The whole thing has become a very logical development in the form of a circle. I have a complete chronology of the time circle mapped out, and when I start a new script, I check every supposition I make against the chart to see if it is correct to use it...While I was out there [in California], Arthur Jacobs said he thought this would be the last so I fitted it together so that it fitted in with the beginning of Apes One, so that the wheel had come full circle and one could stop there quite happily, I think?
— January 1972

==Reception==
Howard Thompson of The New York Times wrote that "J. Lee Thompson's direction furiously propels the action in a compact chromium-and-glass setting—and wait till you see that last battle royal." Arthur Murphy of Variety wrote, "McDowall is extremely good as usual in simian character, and Thompson's staging keeps the pace very lively." Gene Siskel of the Chicago Tribune gave the film 2.5 stars out of four, calling it "excellent in the first half hour," but found "the concluding action sequences run on too long without any original slashing, maiming, or setting on fire." Kevin Thomas of the Los Angeles Times wrote that the film "may be the best since No. 1, 'Planet of the Apes'," calling it "a self-contained allegory in which man's cruelty to beasts becomes symbolic of man's inhumanity to man. It is a simple but powerful premise, thoroughly developed with a good balance between dialog and action by Dehn and splendidly directed by J. Lee Thompson." Clyde Jeavons of The Monthly Film Bulletin wrote, "This comic-book adventure is a far cry from the provocative Pierre Boulle vision so impressively realised by Franklin Schaffner four films ago; and in spite of some crude allegorical pretensions, it can't really be considered seriously as more than another excuse by APJAC to get maximum wear out of an expensive set of costumes."

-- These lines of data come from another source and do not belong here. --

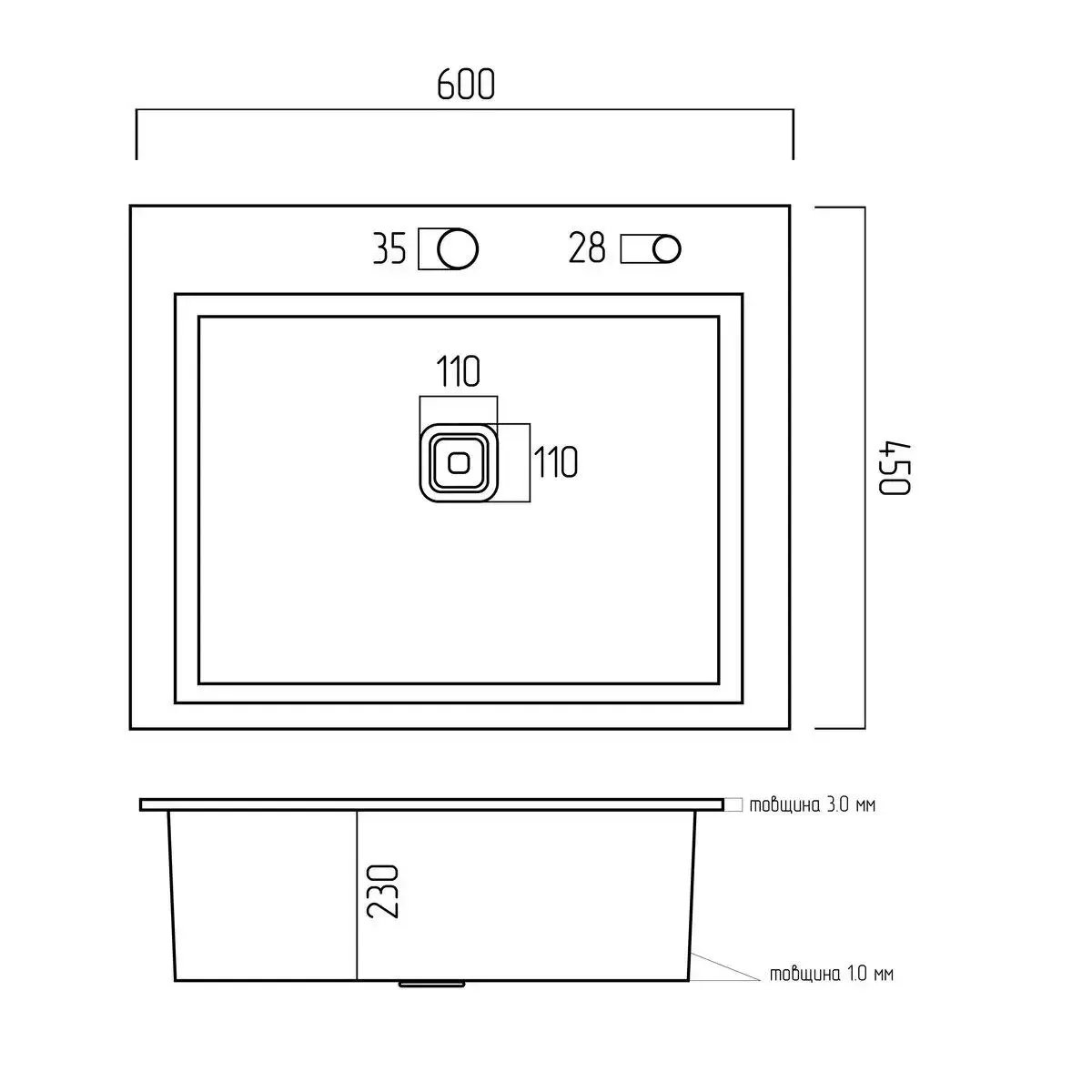 Мойка имеет чашу глубиной 230 мм, что обеспечивает удобство ежедневного использования. Тип установки – универсален, как на столешницу, так и под столешницу. Для монтажа мойки требуется ширина столешницы не менее 500 мм.
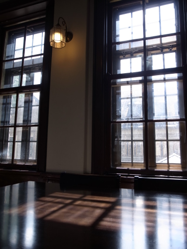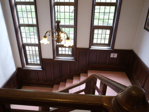 | 片倉館の内装の写真ばかりで申し訳ないけれど、この階段も素晴らしい。手摺、シャンデリア、窓、暫く眺めていたくなる程だ。 |
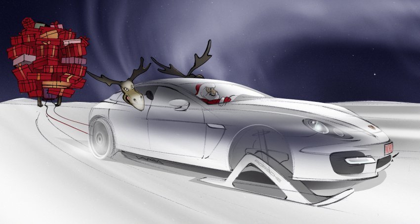 Dashing through the snow…..in a 500 hp @ 6,000 rpm open Panamera Turbo Sleigh…..o’er the fields we go, drifting all the way…….exhaust notes ringing, making spirits bright….Oh what fun it is to drive a Panamera Turbo Sleigh tonight !…Oh Jingle bells, Jingle bells…Jingle 188 mph all the way.

On Rotten Tomatoes, the film has an approval rating of 52% based on 23 reviews. The critical consensus reads: "Conquest of the Planet of the Apes is as angry and relevant as any of its predecessors, but budget constraints and a stale script rob this revolution of the scope it requires." On Metacritic, the film received an average score of 49 out of 100 based on 6 critics, indicating "mixed or average reviews."

===Box office===
The film earned $4.5 million in theatrical rentals at the North American box office.